Ma non è finita. Fin qui si è visto come il denaro, pura astrazione, sia un incredibile motore capace di programmare, determinare e alimentare le attività economiche future, dato che i vasti investimenti in infrastrutture, fabbriche, macchinari e quant’altro sono possibili solo grazie a questo strumento. Con la sua circolazione vorticosa, con il meccanismo del prestito, consente di comprare cose che ancora non sono state realizzate. In molti casi la promessa non viene mantenuta (è una regola che, alla lunga, i debiti non siano pagati!) essendo collocata in un futuro così lontano da risultare assolutamente imprevedibile. Tuttavia, l’uso del denaro che si fa in questo ambito è ancora quello basato sulla compravendita di beni fisici, esistenti o di cui si assume l’esistenza in futuro. Ma le cose si sono evolute ulteriormente con la finanza, “disciplina” del sistema economico attraverso la quale il denaro raggiunge il massimo livello di astrazione in quanto impiegato per comprare altro denaro, ovvero se stesso: si tratta di una vera e propria tautologia, in cui il puro Nulla acquisisce altro Nulla. Con la finanza si specula, si scommette denaro su tutto ciò su cui è possibile scommettere: sull’andamento degli indici di borsa, sul valore delle azioni, addirittura sulle scommesse stesse, ecc. I famosi derivati sono “contratti o titoli il cui prezzo sia basato sul valore di mercato di un altro strumento finanziario, definito sottostante”, ossia valute, azioni, indici finanziari, tassi d’interesse. La finanza moderna permette di creare denaro dal nulla al massimo della velocità perché manca del tutto l’ormai sempre più debole vincolo con la produzione di beni reali. E’ denaro che investe, che scommette su se stesso, che si riproduce, si moltiplica auto-acquistandosi, in un processo infinito, accelerato a sua volta dalla moderna tecnologica, che consente di trasferire alla velocità della luce enormi somme salvate come bit nei computer ma prive di qualsiasi aggancio con la realtà fisica. Questa gigantesca espansione ha reso la finanza incomparabilmente più estesa dell’economia sottostante, ormai incapace di fronteggiarne le dimensioni.
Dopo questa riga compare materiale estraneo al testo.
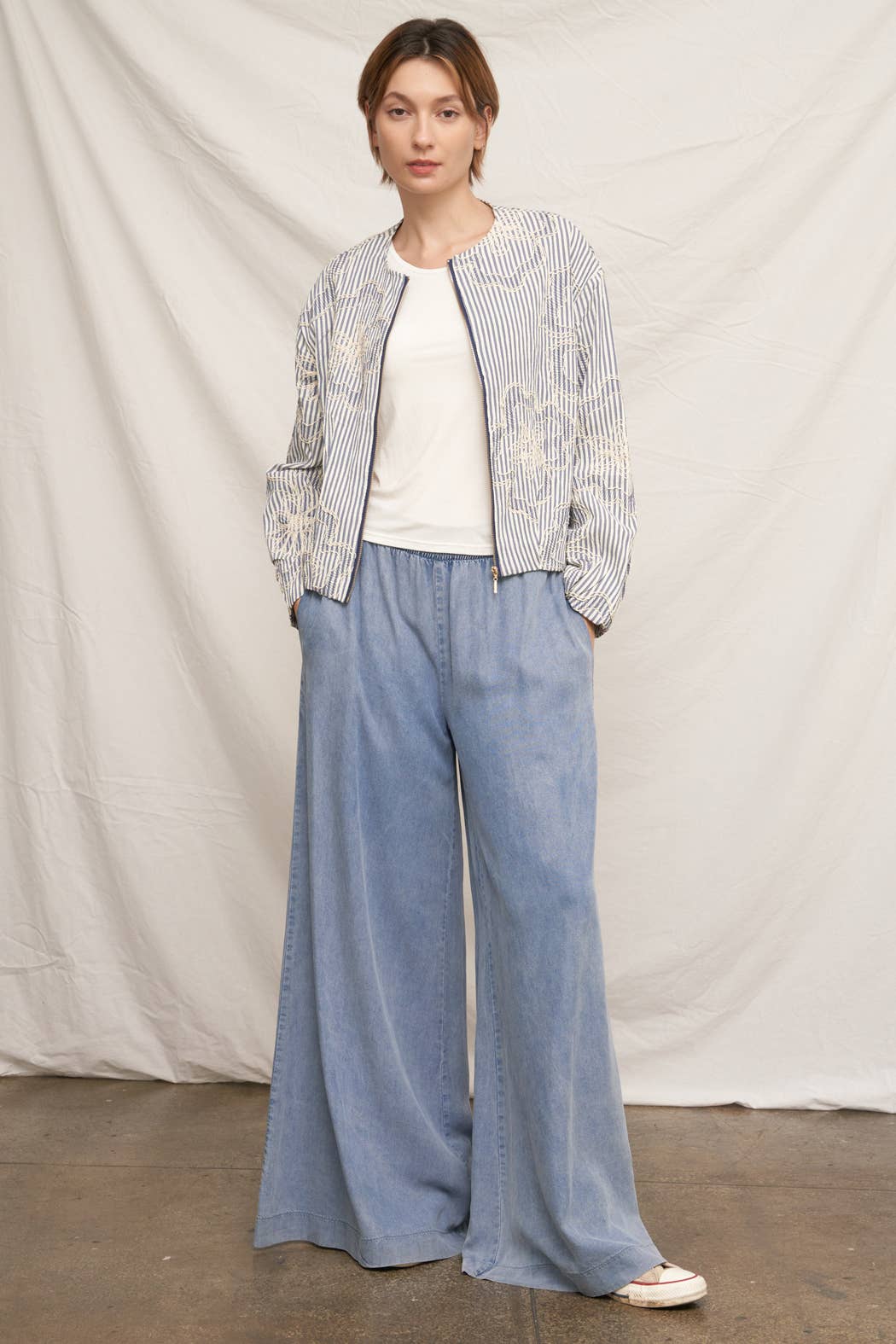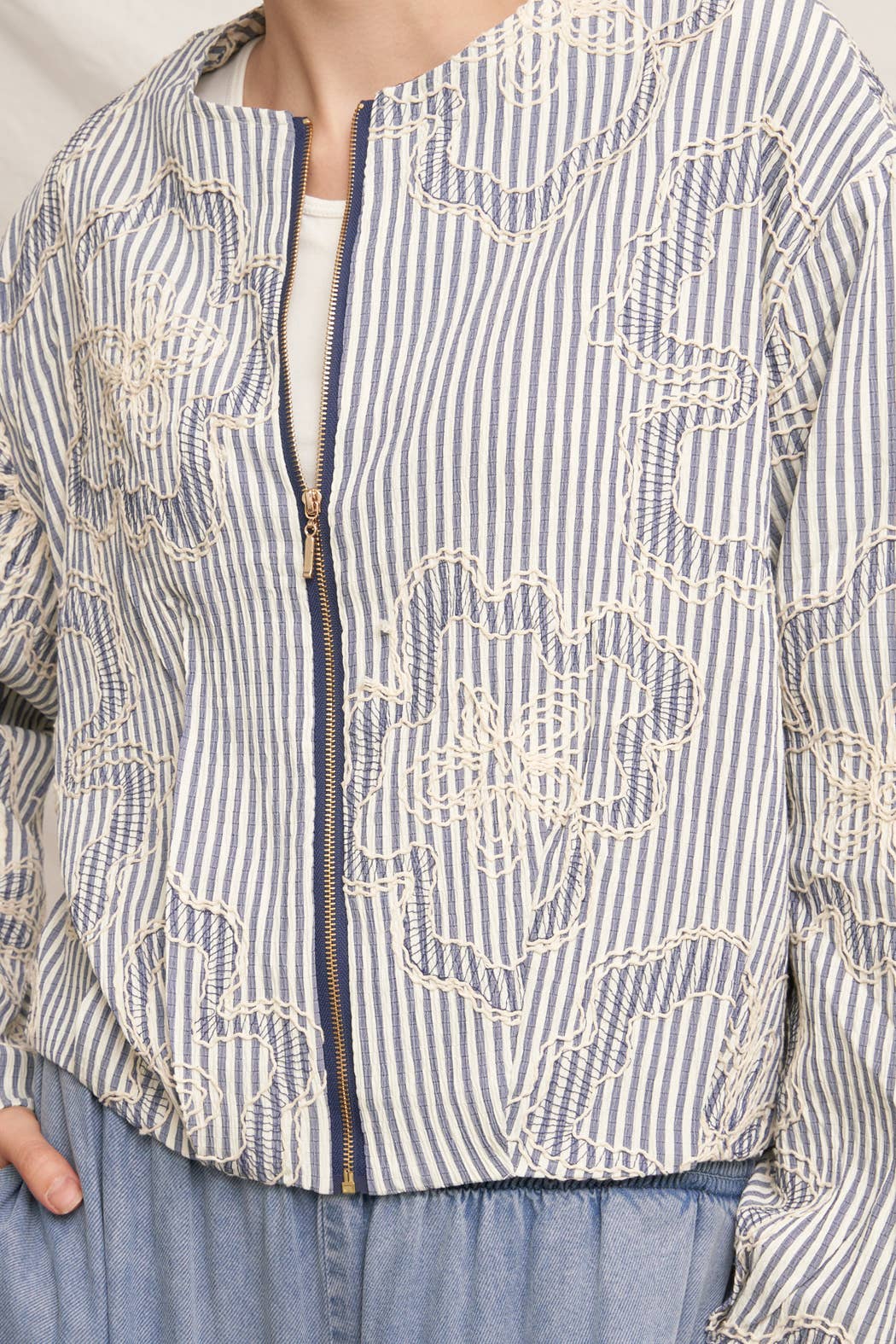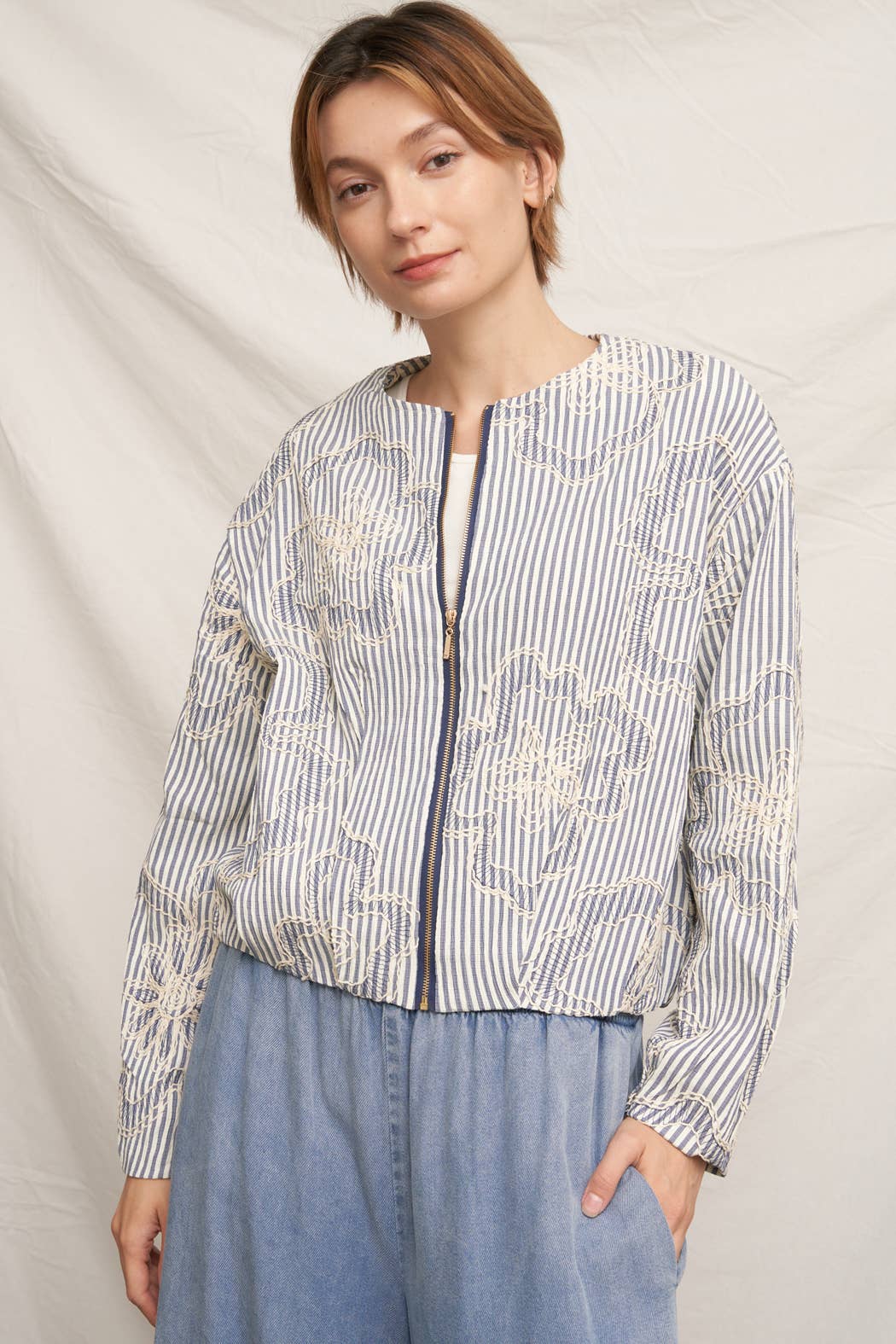 Striped Embroidered Floral Pattern Bomber Jacket Size S(2) - M(2) - L(2) Made in China * MODEL IS 5'8" AND IS WEARING A SMALL.

Una gigantesca bolla, sempre più gonfia, capace di ripercuotersi come uno tsunami sull’economia reale, come si è visto nella Grande Crisi scoppiata a partire dai mutui subprime (altri prodotti finanziari) nell’ormai lontano 2007.

Il consumo di risorse e conclusioni

Ho scritto questo testo innanzi tutto per tentare di spiegarmi i motivi per cui l’economia monetaria non possa procedere in uno stato stazionario e riconosco di non essere stato esaustivo, ma spero almeno di essere riuscito a delineare alcuni tratti principali e i meccanismi fondamentali. La stessa struttura dell’economia include al proprio interno il concetto della crescita esponenziale. Il denaro per esistere ha bisogno di muoversi o moltiplicarsi, se si ferma rivela la propria natura, la propria non esistenza. La crescita continua costituisce un meccanismo infernale di una voracità inaudita in termini energetici, ambientali ma non solo. Ha plasmato la mentalità delle persone, la loro capacità di ragionare vincolandola alla logica del denaro, distruggendo la morale, l’etica, rendendo tutto acquistabile, creando bisogni indotti per poter vendere di più. La produzione del superfluo ha superato di gran lunga quella dei beni effettivamente utili e necessari. Tutto oggi ha un prezzo, tutto si può comprare, tutto è commercializzato, anche i sentimenti e la morte. Questo sistema ha divaricato a dismisura le ineguaglianze, ha concentrato nelle mani di pochi un potere di gran lunga superiore a quello posseduto da qualsiasi re o tiranno del passato, un potere di natura asintotica, come la crescita infinita, e ha lasciato alle masse le briciole, oltre a un mondo sempre più inquinato e impoverito. Ha fatto sì che si smettesse di produrre per consumare e si passasse al consumare per produrre, un’assurdità che sta distruggendo il nostro habitat e che ha trasformato le persone in tubi digerenti, attraverso cui tutto passa, capaci solo di produrre e consumare, in un ciclo infinito che non ha altro scopo se non quello di continuare a esistere ed espandersi.